What you should give back is a precise copy of the lines below from the one containing "Het perceel waarop" through the one containing "Kvitfjell ostekniv i", with no pictures.
BEGIN Given records
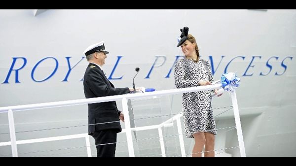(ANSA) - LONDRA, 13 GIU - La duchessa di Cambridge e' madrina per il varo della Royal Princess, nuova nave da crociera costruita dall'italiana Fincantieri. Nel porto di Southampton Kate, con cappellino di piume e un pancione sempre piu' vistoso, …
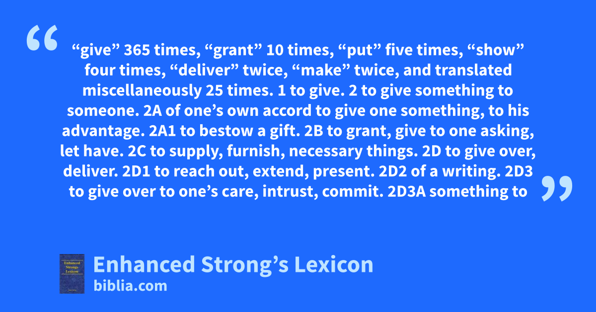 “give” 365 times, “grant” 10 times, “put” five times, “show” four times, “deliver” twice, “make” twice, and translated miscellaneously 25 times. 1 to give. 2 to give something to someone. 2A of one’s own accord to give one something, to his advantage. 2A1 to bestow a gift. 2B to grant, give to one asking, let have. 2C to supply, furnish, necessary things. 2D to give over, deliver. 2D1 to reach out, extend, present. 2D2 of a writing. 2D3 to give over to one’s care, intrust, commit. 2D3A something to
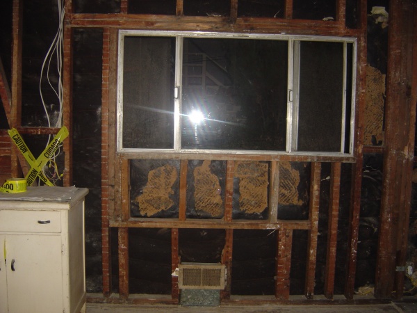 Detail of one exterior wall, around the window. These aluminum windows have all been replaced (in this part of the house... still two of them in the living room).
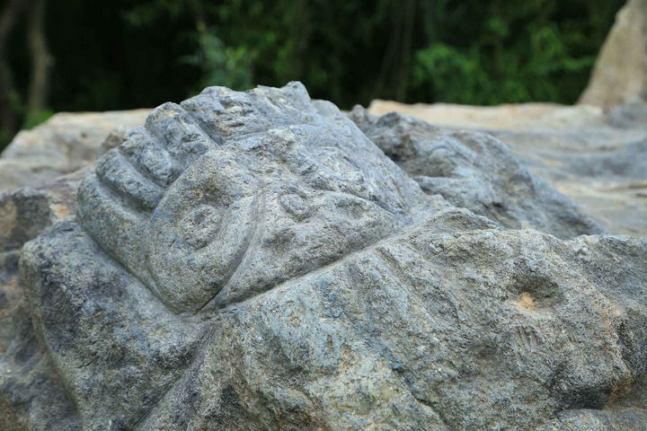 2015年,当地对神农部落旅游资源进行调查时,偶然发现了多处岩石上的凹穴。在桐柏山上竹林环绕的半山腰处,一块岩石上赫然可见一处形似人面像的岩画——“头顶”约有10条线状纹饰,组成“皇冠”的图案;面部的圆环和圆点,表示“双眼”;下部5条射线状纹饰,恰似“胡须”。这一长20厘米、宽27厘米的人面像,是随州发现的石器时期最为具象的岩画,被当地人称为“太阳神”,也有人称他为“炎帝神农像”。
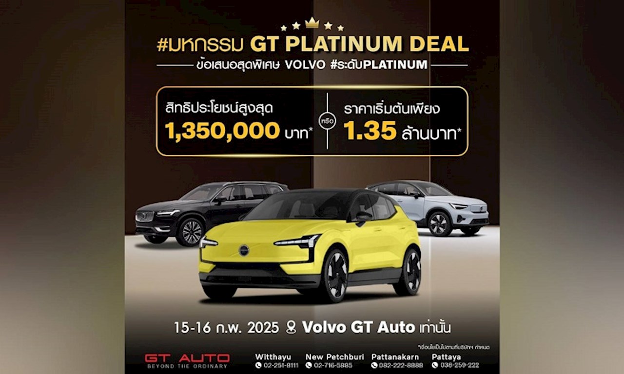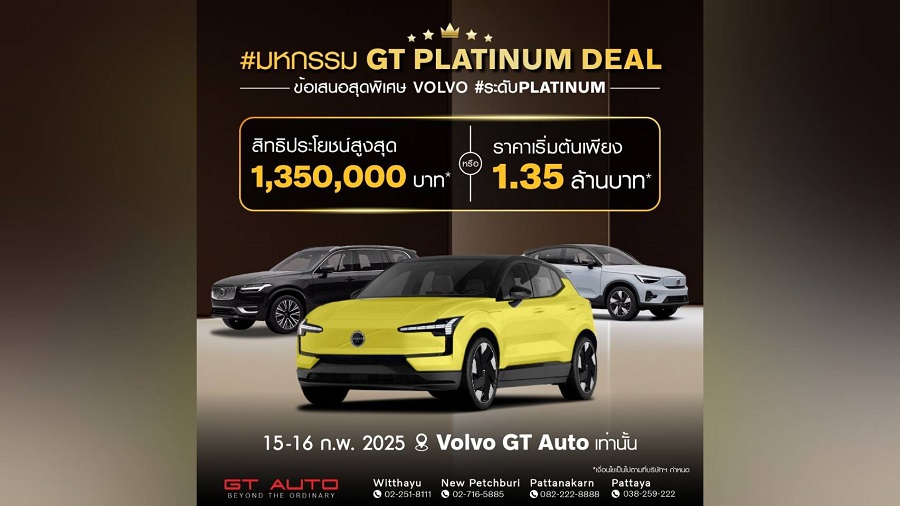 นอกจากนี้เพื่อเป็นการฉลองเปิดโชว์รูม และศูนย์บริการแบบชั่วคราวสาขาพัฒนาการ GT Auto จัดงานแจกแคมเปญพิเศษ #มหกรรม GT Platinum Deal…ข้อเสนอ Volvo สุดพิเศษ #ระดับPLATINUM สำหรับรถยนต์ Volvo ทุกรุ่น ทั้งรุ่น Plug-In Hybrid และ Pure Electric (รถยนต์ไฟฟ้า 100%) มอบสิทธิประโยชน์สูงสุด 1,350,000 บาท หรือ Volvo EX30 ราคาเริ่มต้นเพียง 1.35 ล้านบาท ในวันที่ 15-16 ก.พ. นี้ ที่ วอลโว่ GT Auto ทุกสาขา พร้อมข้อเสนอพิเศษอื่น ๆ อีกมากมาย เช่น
END Given records
BEGIN Given records
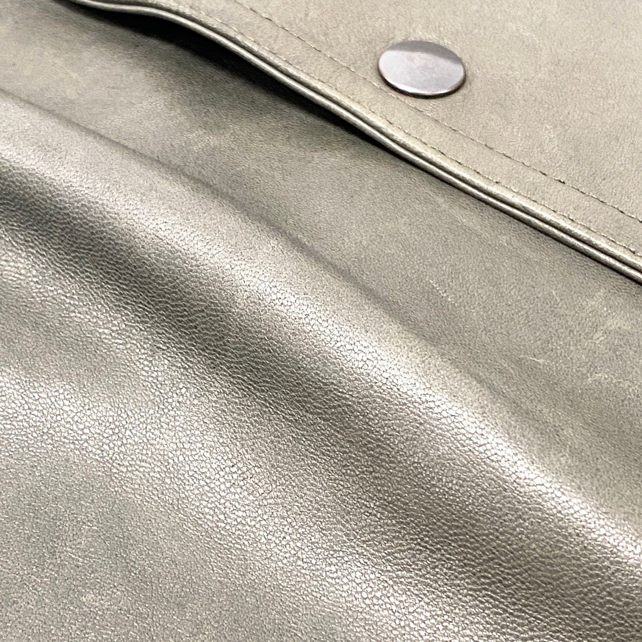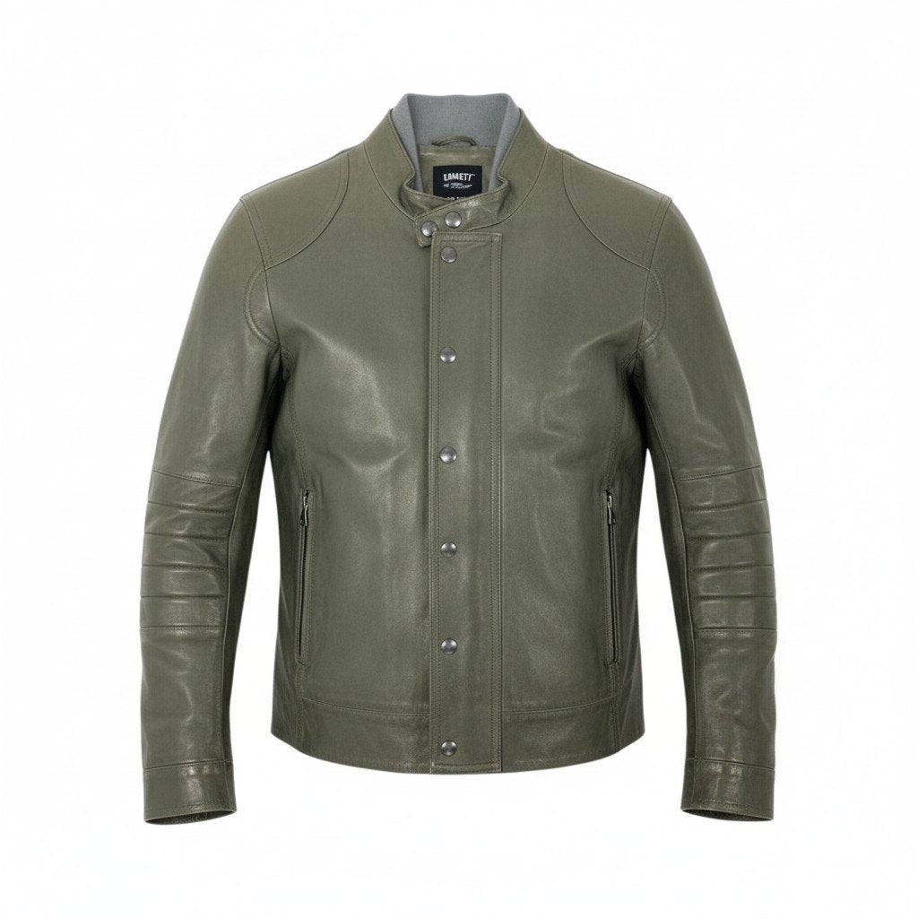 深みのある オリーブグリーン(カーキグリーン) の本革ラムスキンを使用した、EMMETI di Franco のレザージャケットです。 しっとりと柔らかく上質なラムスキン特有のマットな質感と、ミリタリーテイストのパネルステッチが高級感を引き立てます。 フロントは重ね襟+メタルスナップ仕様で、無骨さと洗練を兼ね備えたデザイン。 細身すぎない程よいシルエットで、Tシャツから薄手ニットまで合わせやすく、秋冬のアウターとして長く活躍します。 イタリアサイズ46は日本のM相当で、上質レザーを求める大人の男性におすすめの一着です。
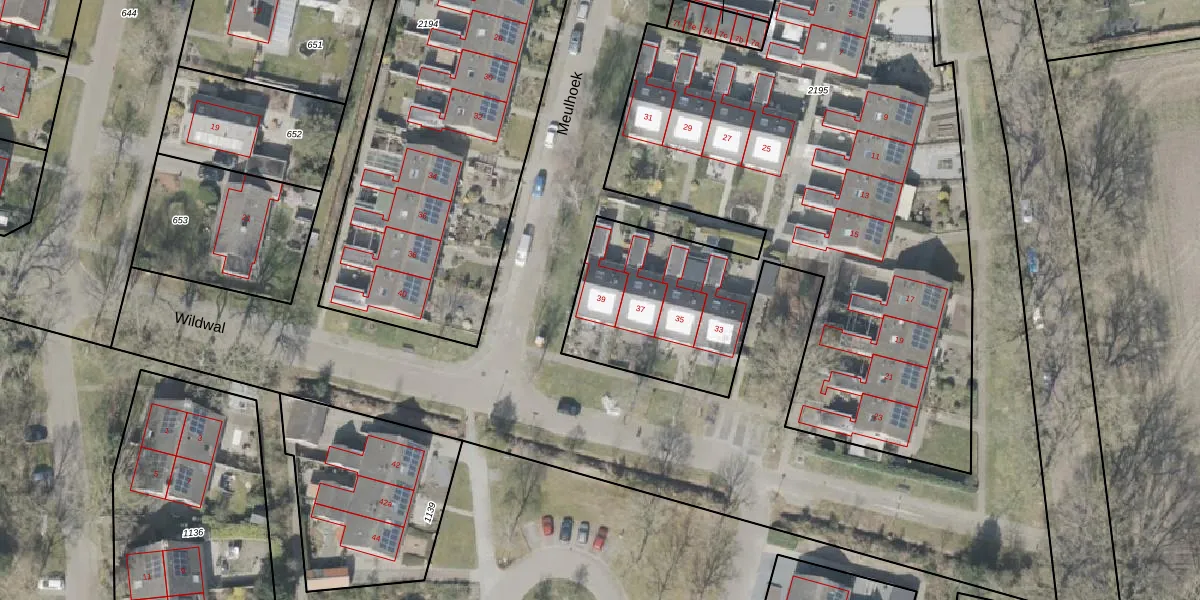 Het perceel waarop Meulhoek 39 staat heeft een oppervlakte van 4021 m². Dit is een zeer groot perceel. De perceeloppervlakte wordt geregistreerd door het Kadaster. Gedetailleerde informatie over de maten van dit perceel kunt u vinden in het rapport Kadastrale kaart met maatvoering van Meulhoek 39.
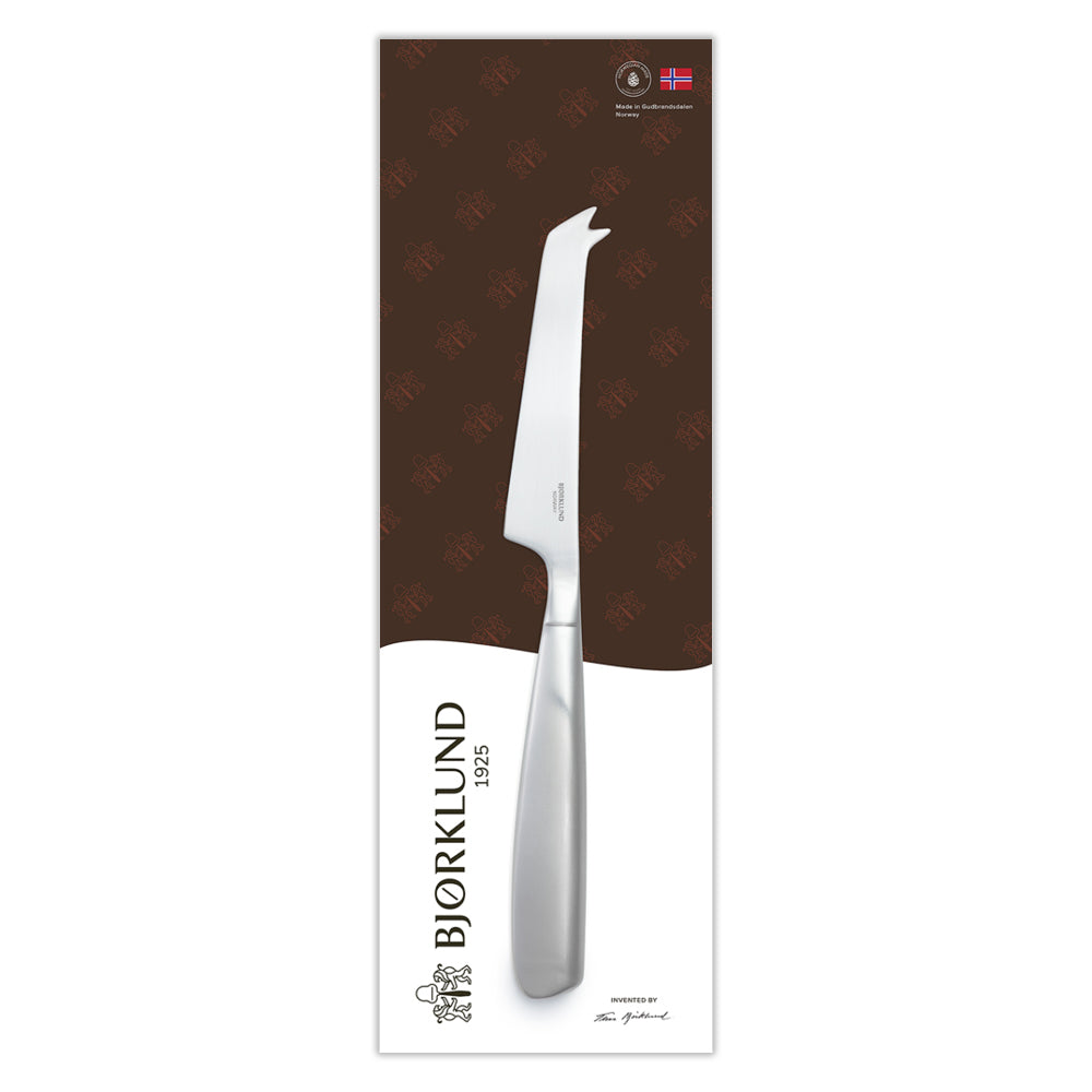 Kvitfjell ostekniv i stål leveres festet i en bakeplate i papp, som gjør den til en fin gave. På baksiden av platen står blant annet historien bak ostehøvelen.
END Given records
BEGIN Given records
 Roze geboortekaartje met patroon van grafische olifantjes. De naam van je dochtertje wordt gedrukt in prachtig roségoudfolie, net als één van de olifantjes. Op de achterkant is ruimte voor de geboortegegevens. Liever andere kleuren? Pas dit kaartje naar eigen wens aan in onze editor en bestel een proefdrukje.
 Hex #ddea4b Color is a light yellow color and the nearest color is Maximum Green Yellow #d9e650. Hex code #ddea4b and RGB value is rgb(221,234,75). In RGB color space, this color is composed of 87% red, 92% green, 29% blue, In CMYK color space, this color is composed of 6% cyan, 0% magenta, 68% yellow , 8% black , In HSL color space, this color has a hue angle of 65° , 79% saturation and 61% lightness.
END Given records
Expected answer »
 Het perceel waarop Meulhoek 39 staat heeft een oppervlakte van 4021 m². Dit is een zeer groot perceel. De perceeloppervlakte wordt geregistreerd door het Kadaster. Gedetailleerde informatie over de maten van dit perceel kunt u vinden in het rapport Kadastrale kaart met maatvoering van Meulhoek 39.
 Kvitfjell ostekniv i stål leveres festet i en bakeplate i papp, som gjør den til en fin gave. På baksiden av platen står blant annet historien bak ostehøvelen.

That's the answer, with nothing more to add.